Records supplied
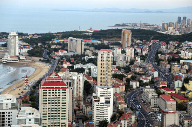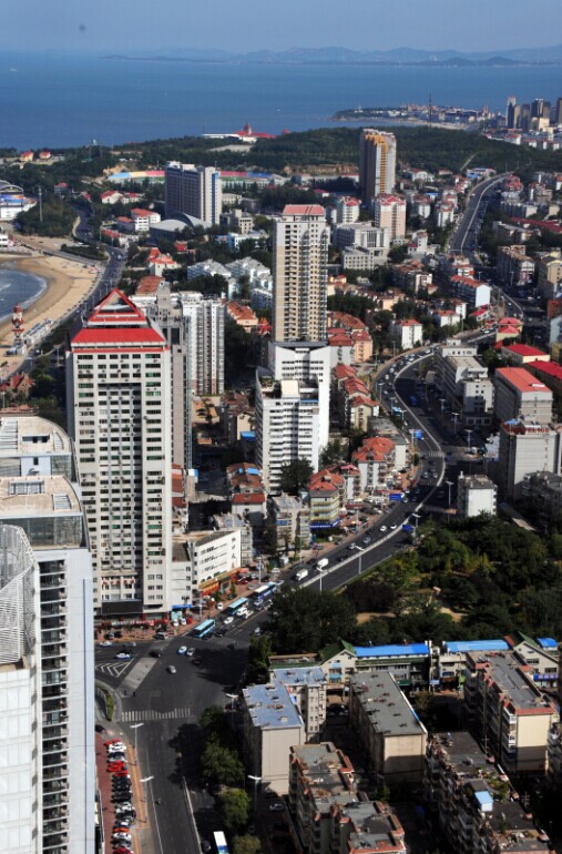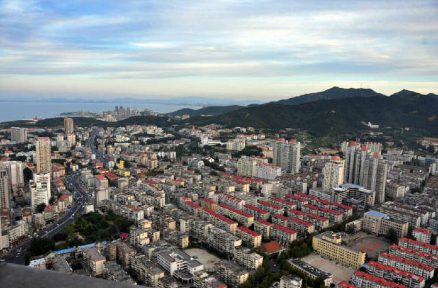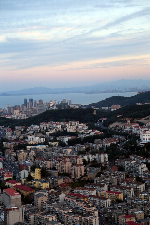 从高处向下望去,无限开阔,依山傍海的烟台小城让人觉得十分安宁。
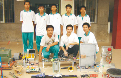小發(fā)明家們與作品 花都區(qū)第一中學在推進素質(zhì)教育取得全面進步的基礎(chǔ)上,根據(jù)自身特點和地方資源優(yōu)勢,著眼于學校和學生的共同發(fā)展,確定特色學校創(chuàng)建目標,并按特色項目學校特色特色學校三個階段制訂創(chuàng)建規(guī)劃。緊緊圍繞“科技創(chuàng)新教育”,大力開展“科技活動節(jié)”、“研究性學習與社會實踐活動”、“科技小發(fā)明與小創(chuàng)作”三大主題活動,已逐步形成了以學生科技興趣小組活動和研究性學習為載體,以培養(yǎng)學生創(chuàng)新精神和實踐能力為目的的科技創(chuàng)新教育的辦學特色,走出了一條教學與科技創(chuàng)新相結(jié)合的辦學新路子。學校成立創(chuàng)建特色領(lǐng)導(dǎo)小組,加強管理,精心營造校園科技環(huán)境教育氛圍,先后建設(shè)一批科技教育景點和科技活動專用場室,如科技展覽室、科技實踐活動室、勞技制作室等,新建的科技教育景點有:150米科技宣傳長廊、氣象自動報測系統(tǒng)、太陽能熱水系統(tǒng)、風能發(fā)電校名顯示系統(tǒng)、聲控噴水系統(tǒng)、紅外線感應(yīng)智能沖水系統(tǒng)、紅外線感應(yīng)防盜系統(tǒng)、梯燈聲控開關(guān)系統(tǒng)等,同時在學校管理中使用具有一定科技含量的設(shè)施,如學生管理IC卡(考勤、圖書館、食堂一卡通用)、閉路電視監(jiān)控系統(tǒng)等,使校園的科技教育文化更鮮明、更濃郁、更生動。同時通過這些景點激發(fā)了學生的科技興趣,啟迪學生的科技意識。學校科技教育成績顯著,從2001學年至2008學年學校連續(xù)八年被評為“廣州市青少年科技教育先進集體”,先后被評為“廣州市綠色學校”、“廣州市青少年科技教育特色項目學校”、“花都區(qū)特色實驗學校”、“花都區(qū)知識產(chǎn)權(quán)教育試點學校”。近三年來,學生研究的小發(fā)明,小創(chuàng)作達250件,學校組織學生參加各類科技競賽獲獎達239項,其中省級8項,市級85項,區(qū)級146項。 碩果累累 成績卓著 隨著教育改革的進程不斷深化,學校步入了全面發(fā)展的快車道,其發(fā)展之快,進步之大,前所未有。十年間,學校通過多種渠道和途徑籌集資金1200多萬元用于校園改造和設(shè)施建設(shè),使一所規(guī)模較小,設(shè)施簡陋,以破舊平房為主的鄉(xiāng)村學校發(fā)展成具有現(xiàn)代化氣息和園林式特點的新型學校。學校布局合理,規(guī)劃科學,寓美化、綠化、園林化和校園文化于一體。教學設(shè)備儀器完備齊全,校園網(wǎng)絡(luò)已投入教學使用,教學平臺已普及到班,各種專業(yè)場室一應(yīng)俱全,辦學條件已初步實現(xiàn)現(xiàn)代化。學校被評為花都區(qū)“文明校園”,廣州市教育技術(shù)裝備管理工作先進集體。
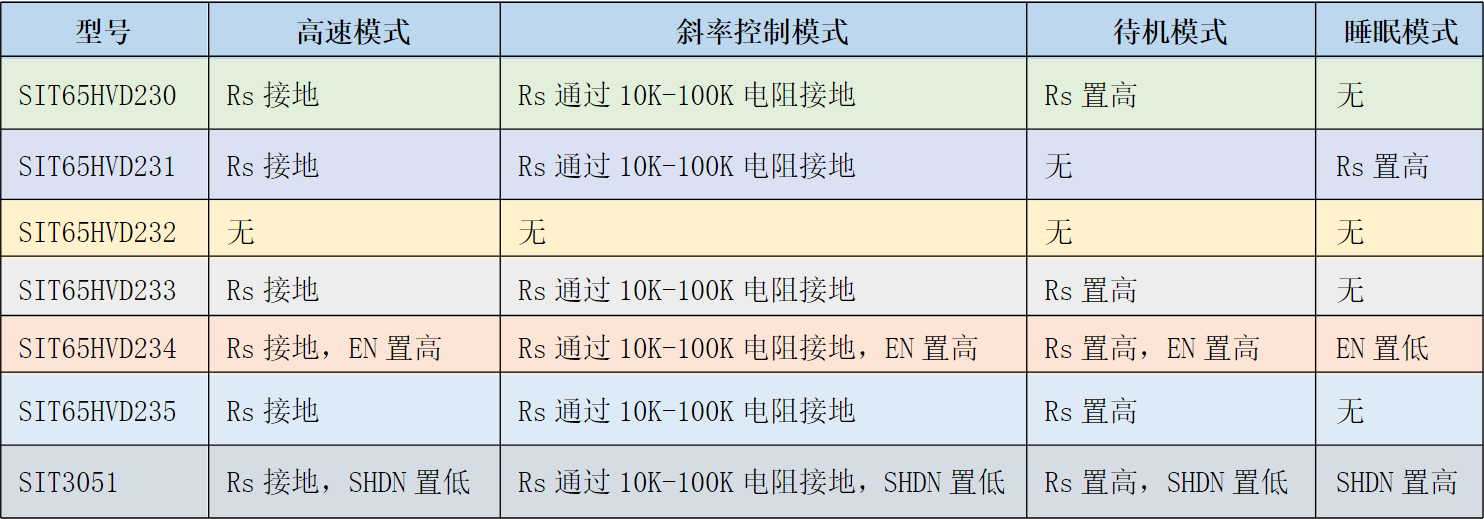 表2 芯力特3.3V CAN收發(fā)器系列芯片模式切換表
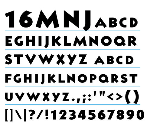 Nobel Open Kapitalen. Uit een letterproef met loodzetsel van zetterij Teterode. gemaakt in FontStudio
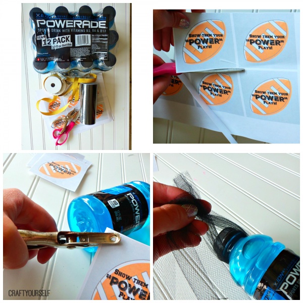 Cut out around each football printable, next punch a hole in the top left corner. Then measure your black tulle around the lid of the bottle leaving enough room to tie.
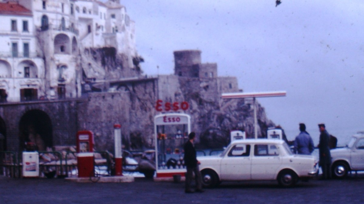 Gli altri scatti riguardano il vecchio distributore di benzina a ridosso del mare, all’altezza dell’attuale fermata degli autobus Sita Sud per Ravello e Scala, e due calessi, con cavalli e cocchieri, in attesa di portare qualche turista in giro, retaggio dell’era precedente all’impiego massiccio delle auto. Sullo sfondo, la segnaletica del posteggio taxi, segno della fase di passaggio in atto.
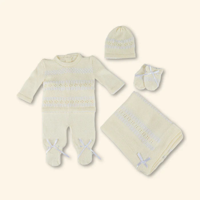 Your little piece of heaven will be warm and nice in this long sleeve yellow knitwear, 100% cotton top-bottom set with cap, mittens and blanket.
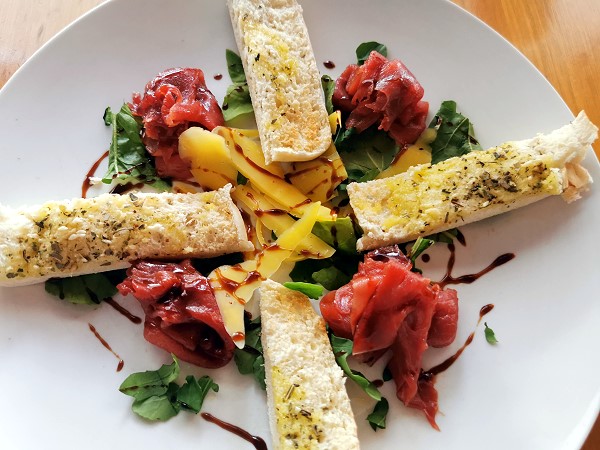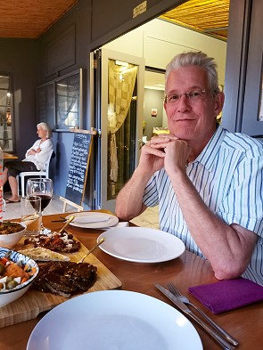 Wir wurden herzlich und ein wenig exzentrisch von dem charmanten Gastgeberpaar Theunis und Michael begrüsst. Die beiden wohnen direkt nebenan und führen das Restaurant seit 27 Jahren, ohne Alkohol-Lizenz. Das bedeutet "bring your own", seinen Wein oder Bier sollte man selbst mitbringen.

Prompt
From the first line of the entries down to the line with "Your little piece", print each line exactly; omit any picture.

Answer for the task
 从高处向下望去,无限开阔,依山傍海的烟台小城让人觉得十分安宁。
小發(fā)明家們與作品 花都區(qū)第一中學在推進素質(zhì)教育取得全面進步的基礎(chǔ)上,根據(jù)自身特點和地方資源優(yōu)勢,著眼于學校和學生的共同發(fā)展,確定特色學校創(chuàng)建目標,并按特色項目學校特色特色學校三個階段制訂創(chuàng)建規(guī)劃。緊緊圍繞“科技創(chuàng)新教育”,大力開展“科技活動節(jié)”、“研究性學習與社會實踐活動”、“科技小發(fā)明與小創(chuàng)作”三大主題活動,已逐步形成了以學生科技興趣小組活動和研究性學習為載體,以培養(yǎng)學生創(chuàng)新精神和實踐能力為目的的科技創(chuàng)新教育的辦學特色,走出了一條教學與科技創(chuàng)新相結(jié)合的辦學新路子。學校成立創(chuàng)建特色領(lǐng)導(dǎo)小組,加強管理,精心營造校園科技環(huán)境教育氛圍,先后建設(shè)一批科技教育景點和科技活動專用場室,如科技展覽室、科技實踐活動室、勞技制作室等,新建的科技教育景點有:150米科技宣傳長廊、氣象自動報測系統(tǒng)、太陽能熱水系統(tǒng)、風能發(fā)電校名顯示系統(tǒng)、聲控噴水系統(tǒng)、紅外線感應(yīng)智能沖水系統(tǒng)、紅外線感應(yīng)防盜系統(tǒng)、梯燈聲控開關(guān)系統(tǒng)等,同時在學校管理中使用具有一定科技含量的設(shè)施,如學生管理IC卡(考勤、圖書館、食堂一卡通用)、閉路電視監(jiān)控系統(tǒng)等,使校園的科技教育文化更鮮明、更濃郁、更生動。同時通過這些景點激發(fā)了學生的科技興趣,啟迪學生的科技意識。學校科技教育成績顯著,從2001學年至2008學年學校連續(xù)八年被評為“廣州市青少年科技教育先進集體”,先后被評為“廣州市綠色學校”、“廣州市青少年科技教育特色項目學校”、“花都區(qū)特色實驗學校”、“花都區(qū)知識產(chǎn)權(quán)教育試點學校”。近三年來,學生研究的小發(fā)明,小創(chuàng)作達250件,學校組織學生參加各類科技競賽獲獎達239項,其中省級8項,市級85項,區(qū)級146項。 碩果累累 成績卓著 隨著教育改革的進程不斷深化,學校步入了全面發(fā)展的快車道,其發(fā)展之快,進步之大,前所未有。十年間,學校通過多種渠道和途徑籌集資金1200多萬元用于校園改造和設(shè)施建設(shè),使一所規(guī)模較小,設(shè)施簡陋,以破舊平房為主的鄉(xiāng)村學校發(fā)展成具有現(xiàn)代化氣息和園林式特點的新型學校。學校布局合理,規(guī)劃科學,寓美化、綠化、園林化和校園文化于一體。教學設(shè)備儀器完備齊全,校園網(wǎng)絡(luò)已投入教學使用,教學平臺已普及到班,各種專業(yè)場室一應(yīng)俱全,辦學條件已初步實現(xiàn)現(xiàn)代化。學校被評為花都區(qū)“文明校園”,廣州市教育技術(shù)裝備管理工作先進集體。
 表2 芯力特3.3V CAN收發(fā)器系列芯片模式切換表
 Nobel Open Kapitalen. Uit een letterproef met loodzetsel van zetterij Teterode. gemaakt in FontStudio
 Cut out around each football printable, next punch a hole in the top left corner. Then measure your black tulle around the lid of the bottle leaving enough room to tie.
 Gli altri scatti riguardano il vecchio distributore di benzina a ridosso del mare, all’altezza dell’attuale fermata degli autobus Sita Sud per Ravello e Scala, e due calessi, con cavalli e cocchieri, in attesa di portare qualche turista in giro, retaggio dell’era precedente all’impiego massiccio delle auto. Sullo sfondo, la segnaletica del posteggio taxi, segno della fase di passaggio in atto.
 Your little piece of heaven will be warm and nice in this long sleeve yellow knitwear, 100% cotton top-bottom set with cap, mittens and blanket.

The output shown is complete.